When you open any AI video tool page, you will see smooth footage and promotional claims of "one-click generation." But when you actually pay or spend time using it, the results are often not what they seem. Inflated resolution, distorted figures, and incoherent motion — these are more common. So this article doesn't hype features; it only talks about avoiding pitfalls.
The first common pitfall is mistaking demo material for actual output. Many tools, including the once-popular sora early promotional videos, showcased carefully selected highlight clips. When you input the same prompt, you'll likely get blurry, flickering, or even logically inconsistent content. What you get is not a movie clip, but a half-finished product that requires repeated debugging.
Don't Be Tempted by "Duration"
Some platforms claim to generate one-minute or even longer videos, but when actually produced, the latter half often becomes unwatchable. For example, a character suddenly gains two extra arms, or the background melts and changes chaotically. At this point, "duration" becomes a burden — you have to spend more time trimming and fixing. If you really want to use long videos for a project, it's better to first test the consistency and stability of short clips before considering splicing.
On professional services like getsora2, you'll find they often emphasize "controllability" over "length." Because truly useful videos are not about being as long as possible, but about every output being usable. I've seen people run dozens of times just to get a few usable seconds to meet a duration requirement, and in the end, when calculating time and computing costs, it would have been better to just shoot it directly.
Semantic Pitfalls of Text-to-Video
Another pitfall of AI video tools is "understanding deviation." You write "a person walking by the sea at sunset," and it might interpret it as "standing still in the water." You write "a cat jumps off the table," and it might make the cat hover in the air for two seconds. This isn't the tool being bad, but rather that current vision-language models still have limitations in understanding verbs and spatial relationships.
So don't expect a finished product in one go. The real approach is: first write simple actions, check frame by frame, then add details. If you see any blogger claiming to produce a masterpiece with a single prompt using tools like sora, either they spent hours sifting through outputs, or they did a lot of manual post-processing. Don't take that as your expectation.
The Gap Between Resolution and Actual Usability
"4K generation" sounds impressive, but many AI video tools' so-called 4K is just software upscaling, with not much native detail. When you zoom in on the edges, you see smudging and artifacts. If you really want to display on a large screen or use for commercial projects, you often have to reprocess it with third-party software like Topaz.

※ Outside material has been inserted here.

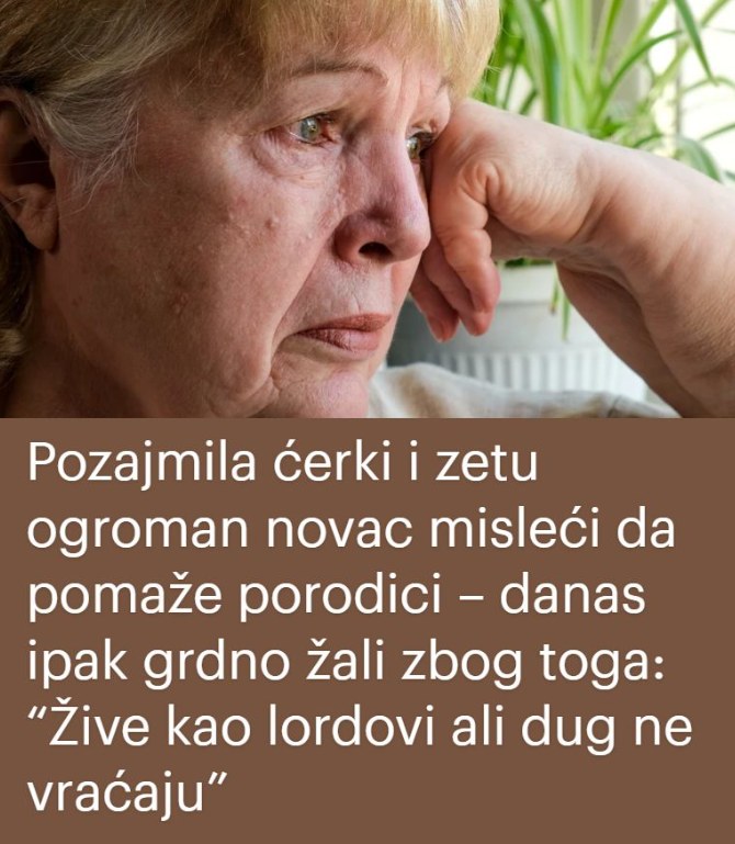 “Pre više od dve godine ćerka i zet našli su se u kriznoj situaciji. Nije bilo vremena za mnogo pitanja, trebalo je odmah reagovati. Podigla sam sa štednje 2.000 evra i pozajmila im u gotovini, uz dogovor da će mi vratiti najkasnije za godinu dana… Ali do sada o tom novcu nisu rekli ni reč. Kao da ne postoji. Nema ni pomena, ni nelagodnosti, ništa.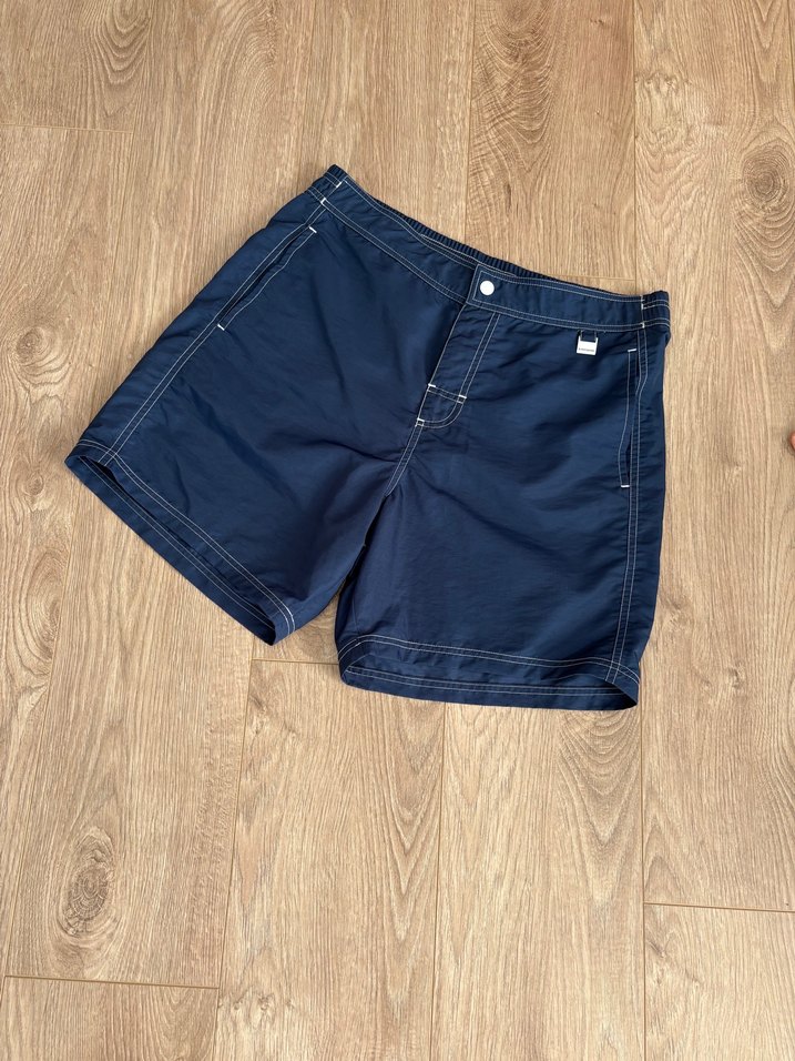 Lacivert renkte, kısa ve vücuda oturan erkek mayo şortu. Minimalist, desensiz tasarımıyla plaj ve sokak stiline uygun, zahmetsiz şıklık sunar.

I've tried it a few times on getsora2. Its output isn't perfect either, but at least the resolution labeling is honest, not using interpolated footage to fool people. When choosing a tool, it's a good idea to download a raw clip first, and view it full-screen locally, rather than just looking at screenshots.
Creative Copyright and "Face Collision" Risk
One point many overlook: characters you generate using public models could be generated with identical faces by others. If you're doing commercial ads or brand content, this involves copyright ownership and uniqueness. Some platforms even state in their terms of service that "generated material may be used by other users." If you don't read carefully, the character you worked hard on could appear on a competitor's ad.
Here's a practical tip: it's fine to use generic scenes during testing, but for actual delivery, either use a service like getsora2 that allows you to upload private style models, or confirm in advance whether the terms include exclusive usage rights. Avoiding pitfalls is much easier than arguing afterwards.
Is There a Standard for Choosing Tools? Yes, There Is.
In conclusion, I suggest treating "AI video tools" as a toolchain that requires repeated tuning, not a magic wand. First, identify what problem you truly need to solve — is it quickly generating reference material, or directly producing finished footage? The former has greater tolerance, while the latter demands extremely high consistency, resolution, and semantic accuracy. Choose platforms based on needs, and don't be led by demos.
If you can't even achieve basic scene consistency, start with tools like getsora2 that favor stable output and professional workflows to build a solid foundation. It's not too late to consider switching when sora truly becomes open and mature. What matters more than chasing trends is using existing tools to produce something usable.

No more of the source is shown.